§ **What is being asked**: Transcribe all the lines below exactly. Omit the pictures.

§ **Data shown**:
········
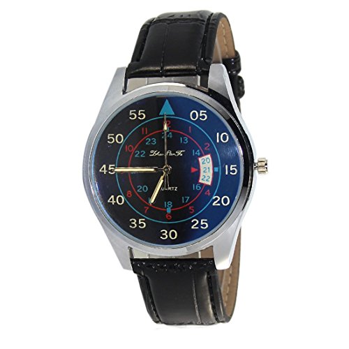 -. Title : Souarts Mens Black Artificial Leather White Dial Quartz Analog Wrist Watch 24cm
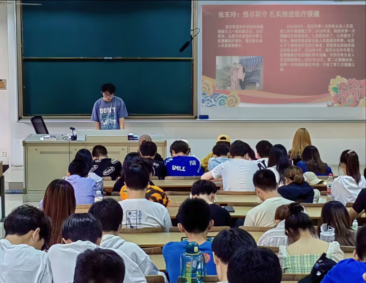 活动开始,同学们观看视频《以团结之名》,并在主持人介绍中了解我国民族政策,明确民族团结的重要性。模范们投身于民族团结事业,令人敬佩——医疗队领队张东玲恪尽职守,扎实推进医疗援疆,为轮台县人民提供优质服务;新疆青年玉苏普江·艾比布拉急公好义,在湖北长江沙滩救下三名落水者;康平县民族团结进步模范韩秋英创办爱心墙志愿者服务队伍,形成党员一对一、多对一帮扶体系。
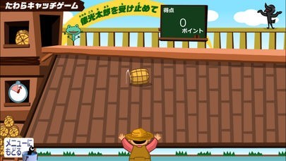 や~みんな!俵光太郎です!たわらキャッチゲーム『俵光太郎を受け止めて』は、納屋から転がってくる俵を「耕作どん」を使ってうまくキャッチするゲームなんだ。「ピョンちゃん」に触れると得点がマイナスされるから気をつけてくれ!制限時間は30秒だ。さて何個キャッチできるかな?「耕作どん」たのんだぞ~!
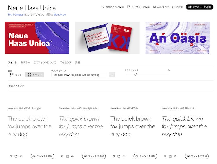 Adobe fontsのNeue Haas Unicaのページ→ https://fonts.adobe.com/fonts/neue-haas-unica
········
§ **Answer section**:
 -. Title : Souarts Mens Black Artificial Leather White Dial Quartz Analog Wrist Watch 24cm
 活动开始,同学们观看视频《以团结之名》,并在主持人介绍中了解我国民族政策,明确民族团结的重要性。模范们投身于民族团结事业,令人敬佩——医疗队领队张东玲恪尽职守,扎实推进医疗援疆,为轮台县人民提供优质服务;新疆青年玉苏普江·艾比布拉急公好义,在湖北长江沙滩救下三名落水者;康平县民族团结进步模范韩秋英创办爱心墙志愿者服务队伍,形成党员一对一、多对一帮扶体系。
 や~みんな!俵光太郎です!たわらキャッチゲーム『俵光太郎を受け止めて』は、納屋から転がってくる俵を「耕作どん」を使ってうまくキャッチするゲームなんだ。「ピョンちゃん」に触れると得点がマイナスされるから気をつけてくれ!制限時間は30秒だ。さて何個キャッチできるかな?「耕作どん」たのんだぞ~!
 Adobe fontsのNeue Haas Unicaのページ→ https://fonts.adobe.com/fonts/neue-haas-unica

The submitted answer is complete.